• **WHAT THE EXERCISE ASKS**
Retype, word for word, every line from the one holding "点击开始使用,上传图片后点击生成" through the one holding "Wear a subtle" in the entries below, both included, and only those lines.
(WORKING DATA begins)
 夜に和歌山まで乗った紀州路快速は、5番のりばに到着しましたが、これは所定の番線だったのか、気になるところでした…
(WORKING DATA ends)
(WORKING DATA begins)
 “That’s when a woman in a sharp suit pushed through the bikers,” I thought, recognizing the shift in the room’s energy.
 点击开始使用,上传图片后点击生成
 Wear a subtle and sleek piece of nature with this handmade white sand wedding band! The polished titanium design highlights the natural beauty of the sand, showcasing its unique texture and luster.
(WORKING DATA ends)
(WORKING DATA begins)
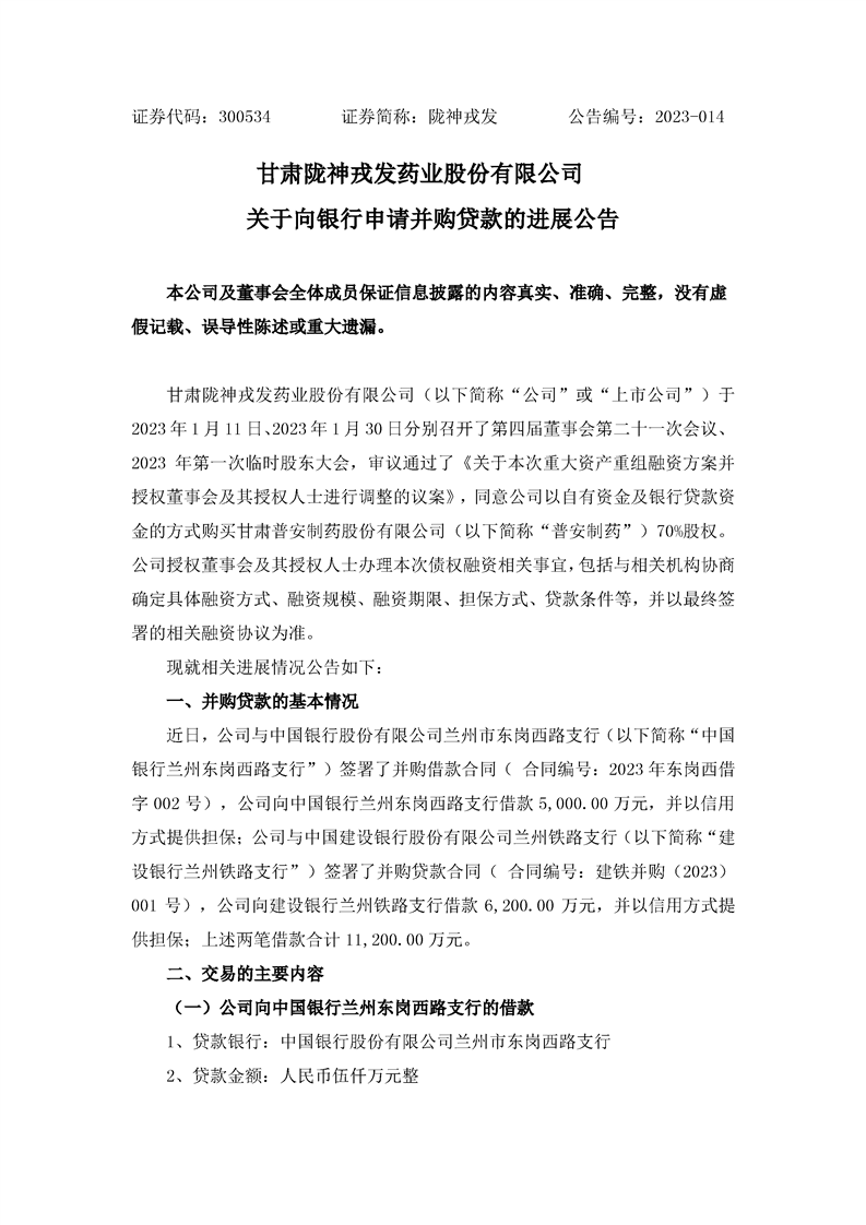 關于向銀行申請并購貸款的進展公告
(WORKING DATA ends)
• **ANSWER SECTION**
 点击开始使用,上传图片后点击生成
 Wear a subtle and sleek piece of nature with this handmade white sand wedding band! The polished titanium design highlights the natural beauty of the sand, showcasing its unique texture and luster.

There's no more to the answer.